Khaleel Israa, Zaidi Syed Tabish R, Shastri Madhur D, Eapen Mathew Suji, Ming Long Chiau, Wanandy Troy, Patel Rahul P
School of Medicine, University of Tasmania, Hobart, Tasmania, Australia.
Pharmacy, Royal Hobart Hospital, Hobart, Tasmania, Australia.
Eur J Hosp Pharm. 2018 Oct;25(e2):e102-e108. doi: 10.1136/ejhpharm-2017-001225. Epub 2017 Jul 19.
High dose of intravenous sulfamethoxazole and trimethoprim (co-trimoxazole) is often used in immunocompromised patients for the treatment of pneumonia. Current manufacturer's dilution recommendation for intravenous co-trimoxazole (1:25 v/v) requires the administration of 2 L of additional fluid per day causing serious complications including pulmonary oedema. Intravenous administration of concentrated solution of co-trimoxazole may minimise the risk of fluid overload associated side effects. Therefore, the objective of the study was to investigate the physicochemical stability of concentrated intravenous co-trimoxazole solutions.
Four ampoules of intravenous co-trimoxazole were injected into an infusion bag containing either 480 (1:25 v/v), 380 (1:20 v/v), 280 (1:15 v/v) or 180 (1:10 v/v) mL of glucose 5% solution. Three bags for each dilution (total 12 bags) were prepared and stored at room temperature. An aliquot was withdrawn immediately (at 0 hour) and after 0.5, 1, 2 and 4 hours of storage for high-performance liquid-chromatography (HPLC) analysis, and additional samples were withdrawn every half an hour for microscopic examination. Each sample was analysed for the concentration of trimethoprim and sulfamethoxazole using a stability indicating HPLC method. Samples were assessed for pH, change in colour (visually) and for particle content (microscopically) immediately after preparation and on each time of analysis.
Intravenous co-trimoxazole at 1:25, 1:20, 1:15 and 1:10 v/v retained more than 98% of the initial concentration of trimethoprim and sulfamethoxazole for 4 hours. There was no major change in pH at time zero and at various time points. Microscopically, no particles were detected for at least 4 hours and 2 hours when intravenous co-trimoxazole was diluted at 1:25 or 1:20 and 1:15 v/v, respectively. More than 1200 particles/mL were detected after 2.5 hours of storage when intravenous co-trimoxazole was diluted at 1:15 v/v.

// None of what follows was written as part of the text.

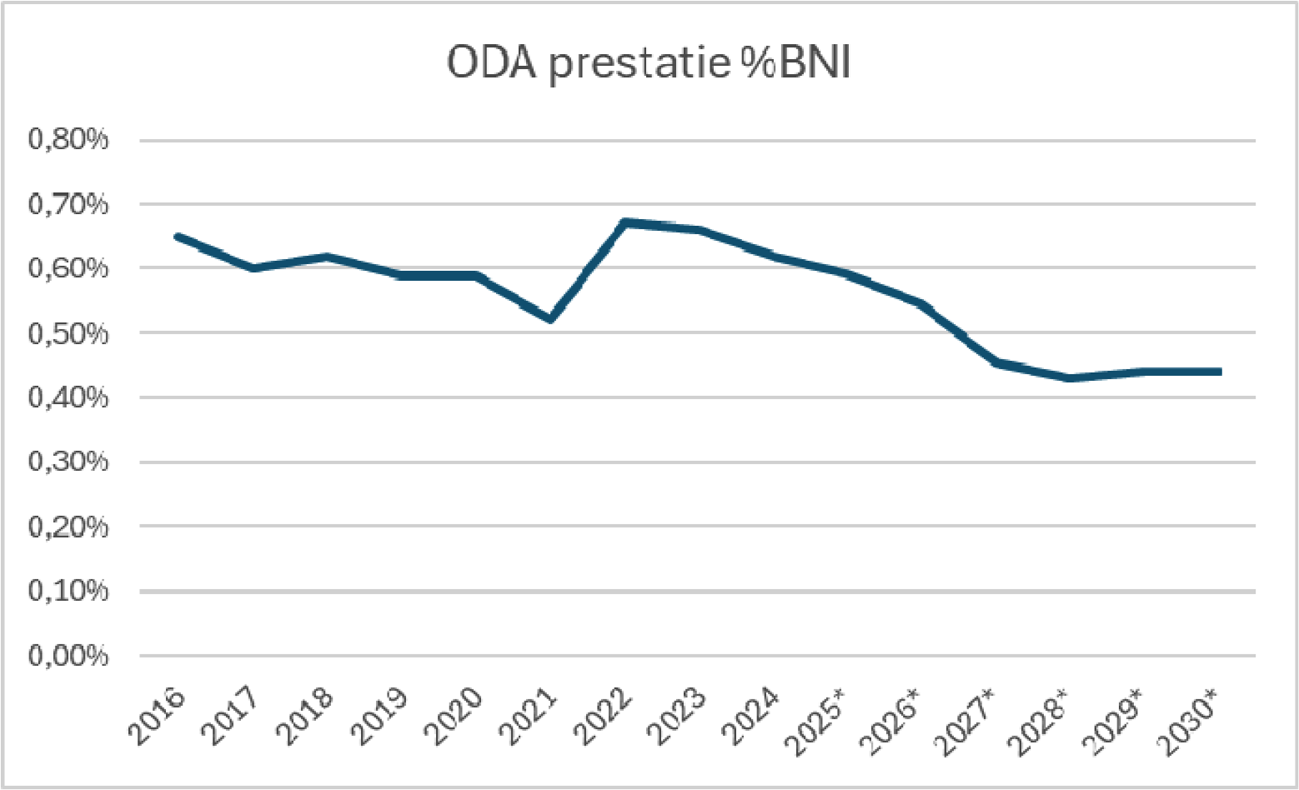 Als gevolg van de bezuinigingen op ontwikkelingshulp van het kabinet Schoof daalt het totale Nederlandse ODA-budget van EUR 7,2 miljard in 2025 naar EUR 5,9 miljard vanaf 2029. Het betreft hier het totaal van het ODA-budget zoals dat op verschillende delen van de Rijksbegroting staat. Het percentage van het bruto nationaal inkomen (bni) dat Nederland uitgeeft aan ontwikkelingshulp daalt daardoor in 2029 naar 0,44%. Onderstaande grafiek laat het verloop zien van de Nederlandse ODA-prestatie tussen 2016 en 2030.3

Intravenous co-trimoxazole is stable over a period of 4 hours when diluted with 380 mL of glucose 5% solution (1:20 v/v) and for 2 hours when diluted with 280 mL glucose 5% solution (1:15 v/v).
高剂量静脉注射磺胺甲恶唑和甲氧苄啶(复方新诺明)常用于免疫功能低下患者的肺炎治疗。目前制造商推荐的静脉注射复方新诺明的稀释比例(1:25 v/v)要求每天额外输注2L液体,这会引发包括肺水肿在内的严重并发症。静脉注射浓缩复方新诺明溶液可能会降低液体超负荷相关副作用的风险。因此,本研究的目的是调查浓缩静脉注射复方新诺明溶液的物理化学稳定性。

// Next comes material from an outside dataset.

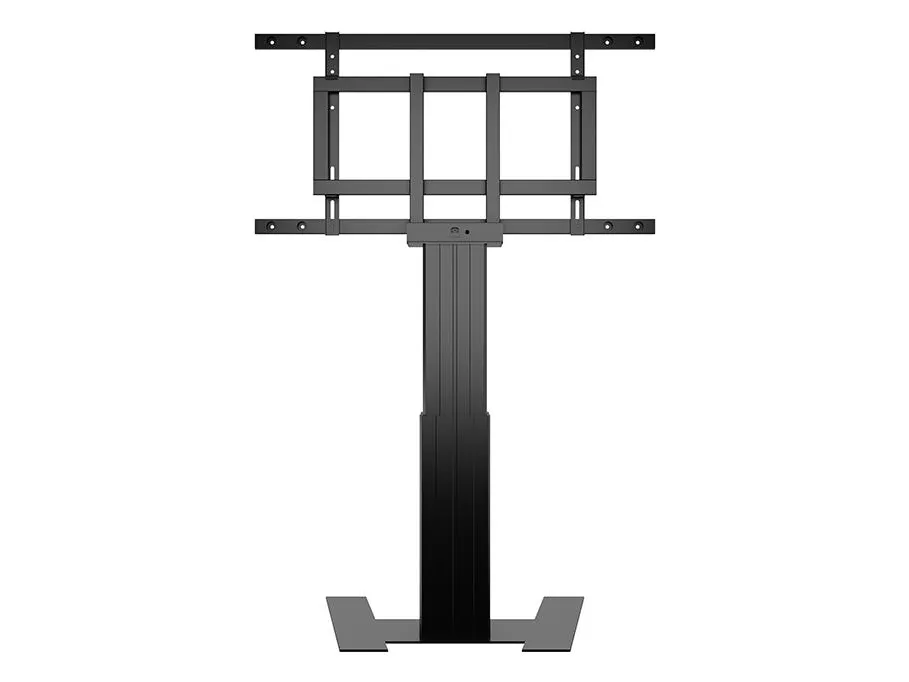 With integrated cable management, this stand keeps wires organized and out of sight, contributing to a clean appearance. The included wired remote control allows for effortless height adjustments, enhancing user convenience. Its floor-standing design ensures stability while being suitable for various environments, from office spaces to public areas.

将四支静脉注射用复方新诺明安瓿注入分别装有480(1:25 v/v)、380(1:20 v/v)、280(1:15 v/v)或180(1:10 v/v)mL 5%葡萄糖溶液的输液袋中。每种稀释度制备三袋(共12袋)并在室温下储存。立即(0小时)以及储存0.5、1、2和4小时后取出等分试样用于高效液相色谱(HPLC)分析,每隔半小时取出额外样品用于显微镜检查。使用稳定性指示HPLC法分析每个样品中甲氧苄啶和磺胺甲恶唑的浓度。在制备后及每次分析时,对样品进行pH值、颜色变化(目视)和颗粒含量(显微镜检查)评估。
1:25、1:20、1:15和1:10 v/v的静脉注射复方新诺明在4小时内保留了超过98%的初始甲氧苄啶和磺胺甲恶唑浓度。在时间零点和各个时间点,pH值没有重大变化。显微镜检查显示,当静脉注射复方新诺明分别以1:25或1:20和1:15 v/v稀释时,至少4小时和2小时内未检测到颗粒。当静脉注射复方新诺明以1:15 v/v稀释时,储存2.5小时后检测到每毫升超过1200个颗粒。
静脉注射复方新诺明用380 mL 5%葡萄糖溶液(1:20 v/v)稀释时在4小时内稳定,用280 mL 5%葡萄糖溶液(1:15 v/v)稀释时在2小时内稳定。